The basic idea of RAID (Redundant Array of Inexpensive Disks) storage is combining multiple small, cheap disk drives into an array of disk drives (appearing to the computer as a single logical storage unit) that yields performance exceeding that of a SLED (Single Large Expensive Drive).
RAID offers many advantages over the use of single hard disks, including higher data security, fault tolerance, improved availability, and integrated capacity.
That said, RAID was invented more than 30 years ago and simply wasn't designed to work in the terabyte system world that is commonplace today. In fact, RAID is clearly beyond its design limitations for storage in the petabytes.
I discussed via e-mail the limits of RAID with Cleversafe CEO Chris Gladwin, and here's the problem as he sees it: RAID is mathematically reaching a breaking point for data reliability based on one-terabyte drives. RAID 6, based on parity, cannot recover from more than two simultaneous failures, or two non-simultaneous failures plus a bit rate error. It also doesn't automatically protect data, which remains exposed to software, hardware and user error.

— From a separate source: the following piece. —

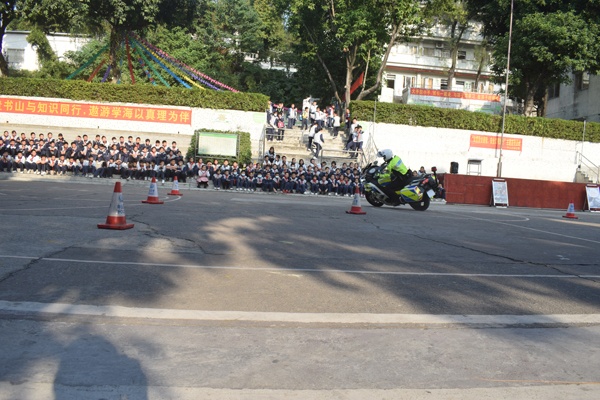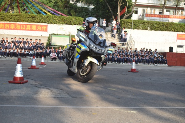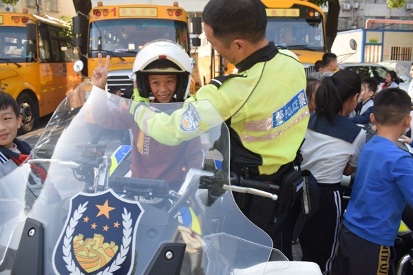活動最后,進行的是“鐵騎展示和互動”環(huán)節(jié),交警鐵騎隊員們?yōu)橥瑢W(xué)們表演了鐵騎騎行、繞樁等風(fēng)采展示,鐵騎隊英姿颯爽,一展風(fēng)采,讓現(xiàn)場的同學(xué)們拍手叫好、掌聲不斷。表演完畢后,鐵騎隊員們與同學(xué)們進行了親切的互動,不少同學(xué)在鐵騎隊員的幫助下,穿戴上鐵騎日常裝備,體驗鐵騎的工作,感受鐵騎的使命,還對鐵騎隊員提出了許許多多的心中的小疑問,鐵騎隊員都進行了耐心回答并與同學(xué)們合影留念。

Typical SATA drives have a published bit rate error (BRE) of 10^14, meaning once every 100,000,000,000,000 bits, there will be a bit that is unrecoverable. Although this failure rate seems insignificant, when reading 100 terabytes (note: 100 terabytes is 10^14 bits), it is nearly certain there will be an unreadable bit, and if this read happens to be during a rebuild, data will be lost.
There are still applications that can utilize RAID for increased I/O performance. For example, using RAID for a high I/O transactional system would be a good fit. Also, smaller storage applications, for example a terabyte or below, could still use RAID effectively.
Data continues to grow exponentially. Market researcher IDC estimated that the digital universe exceeded more than 281 exabytes in 2007 and will grow 10X by 2011. Enterprises in a number of industries, including media/entertainment, health care, and video surveillance, have already exceeded 100 terabytes of storage in use. Determining the appropriate long-term storage strategies for these industries will be a challenge as they realize the limitations of RAID.
The good news in addressing these data growth issues is the availability of low-cost processors and high-capacity drives. Combined, they provide great opportunities for disruptive innovations that will displace RAID.